Lorsque cette idée à été présentée au corps enseignant de l’école, sept personnes ont voté en faveur, sept autres en défaveur et une trentaine se sont abstenues. Cette situation montre que les débats sont loin d’être mûrs. Plusieurs ne comprennent pas le but du comité. Nicolas souligne que le rôle d’un tel comité de grève intersyndical est complémentaire à celui du syndicat local.

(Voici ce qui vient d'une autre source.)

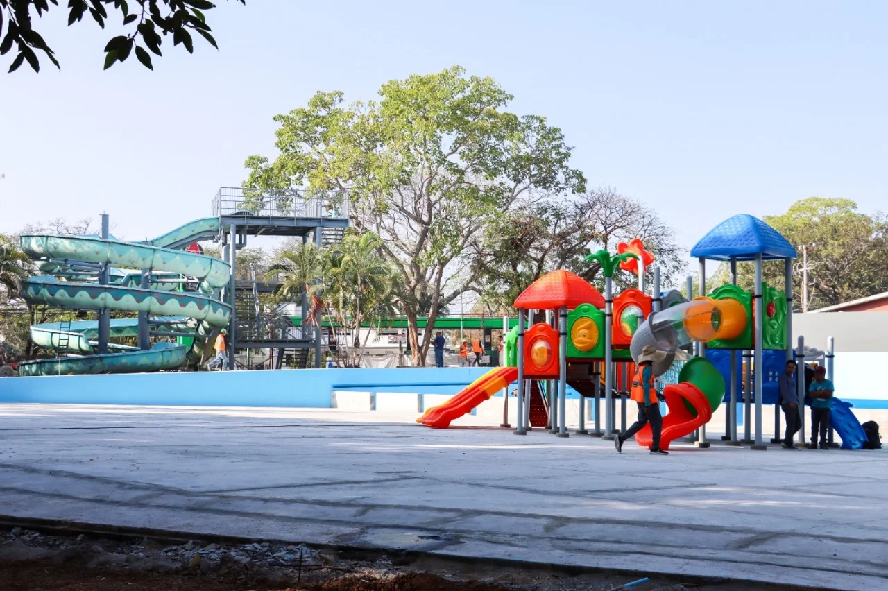 La amplia rehabilitación de este lugar emblemático para las familias colimenses, ubicado en el centro de la capital colimense, contempla la recuperación de los toboganes, la rehabilitación de las albercas y colocación de un juego acuático.
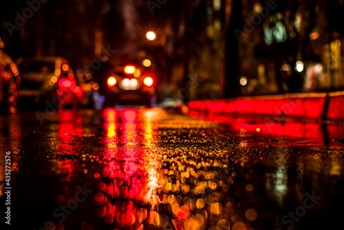Obraz premium Rainy night in the big city, alley between houses with a car traveling. View from the level of asphalt
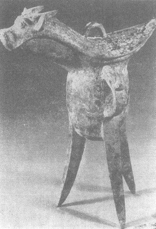 | 释义 | 牛头铜角商。饮酒器。通高23厘米,腹深10.5厘米,足高10.2厘米,流长7.8厘米,流宽3.6厘米。重1.11公斤。1952年河南省新乡市博物馆征集。此角深腹,圆底,锥足,无柱。盖为牛头形,中间有一半圆形钮。正中有一矮脊,上饰四条夔纹,中填雷纹。腹部有三扉棱,以扉为鼻组成两组饕餮,雷纹相间。盖内有铭文: “妇
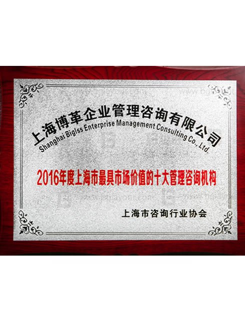 榮獲“上海市最具市場價值的十大管理咨詢機(jī)構(gòu)”

Le délégué FAE local, Éric, ne nourrit pas beaucoup d’intérêt pour ce comité. Une partie de son équipe syndicale de cinq personnes y participe tout de même déjà. «La réalité militante d’une minorité peut nous rendre vulnérables aux recours légaux, confit-il. C’est plus facile de cogner sur une seule école que sur toute une province.»

Liens communautaires

Pour Nicolas et ses collègues, la GGI est un moyen de pression radical qui doit monter en crescendo très rapidement pour réussir. Surtout que la pression est grande de régler le conflit avant le congé des Fêtes.

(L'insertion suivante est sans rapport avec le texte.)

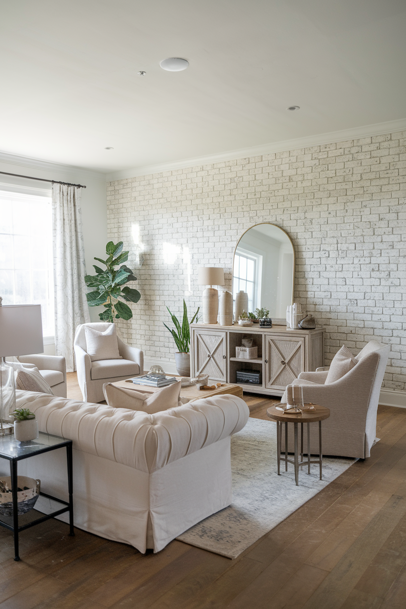For those who love the rustic appeal of brick but want a softer, more airy aesthetic, whitewashed brick is an excellent choice. The whitewashed effect gives the brick a lighter, more contemporary feel while maintaining its natural texture. It’s perfect for smaller spaces or homes that prefer a brighter, more open atmosphere. Pairing whitewashed brick with light-colored furniture, soft textiles, and minimal decor creates an inviting, serene ambiance.
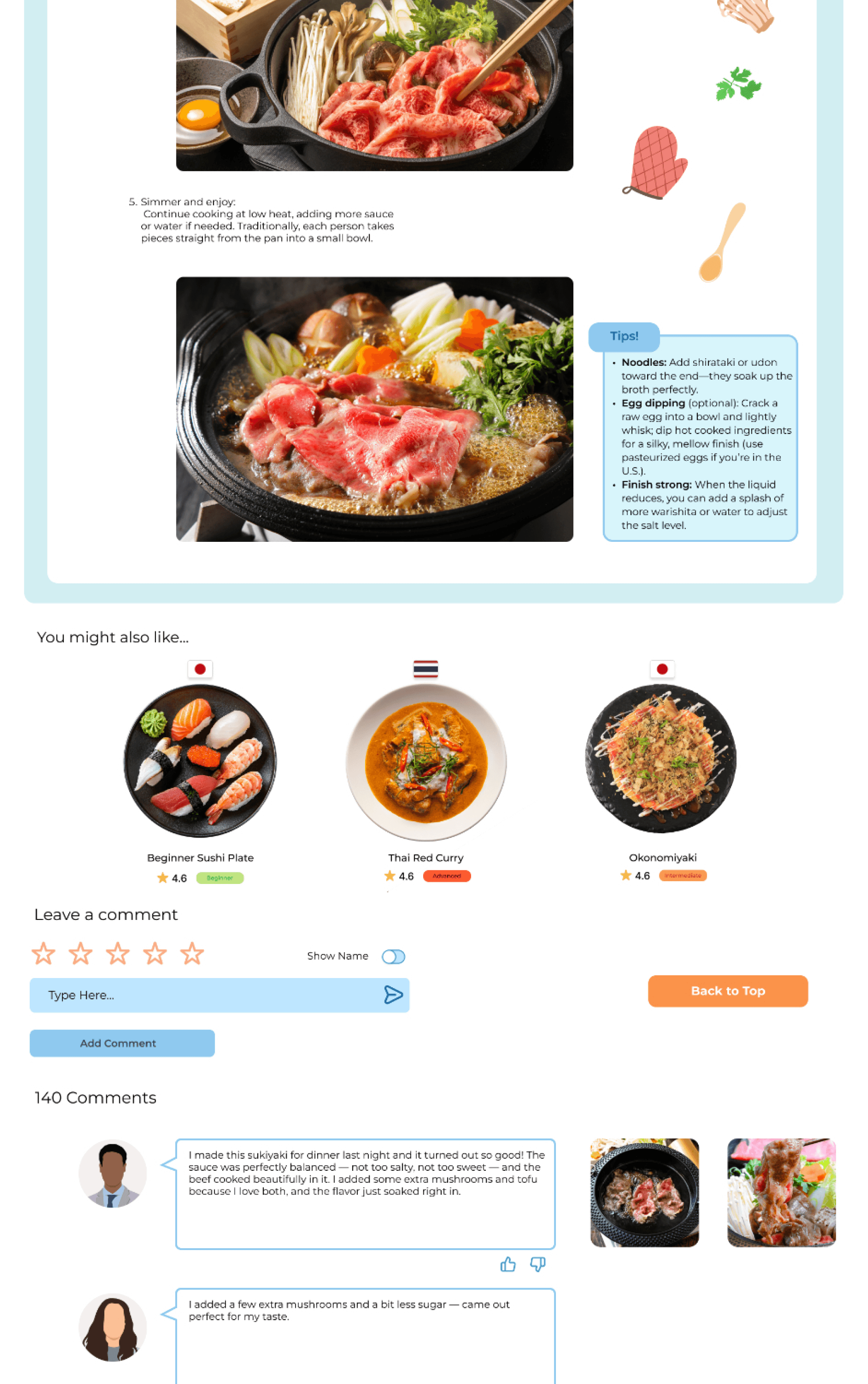 Signature dishes with difficulty and time indicators

«Il faut élargir la GGI aux employés de soutien, faire embarquer les parents, bref faire une genre de “grève sociale”», explique Nicolas. Un comité de grève peut avoir le mandat d’aller chercher ces appuis et de les organiser. Ancien organisateur communautaire, Nicolas suggère la mise sur pied de mesures d’entraide communautaire – comme l’aide alimentaire ou le gardiennage d’enfants – afin de joindre un maximum de familles à l’effort gréviste.

Depuis, le comité de grève se rencontre irrégulièrement sans avoir l’appui officiel du syndicat ni celui de beaucoup d’enseignantes et d’enseignants de l’école. Suite à l’injonction qui empêche les syndiquées de bloquer l’accès aux écoles, les grévistes d’Honoré-Mercier ont décidé d’organiser des marches avec les grévistes des cinq écoles primaires avoisinantes. Cette idée fait écho aux volontés d’élargissement de la lutte du comité de grève informel.

Maintenant que la quasi-totalité des employé⋅es des services publics sont en grève, un momentum se présente pour tisser de nouvelles solidarités avec les autres personnes qui travaillent, qui reçoivent des services et qui vivent dans les communautés.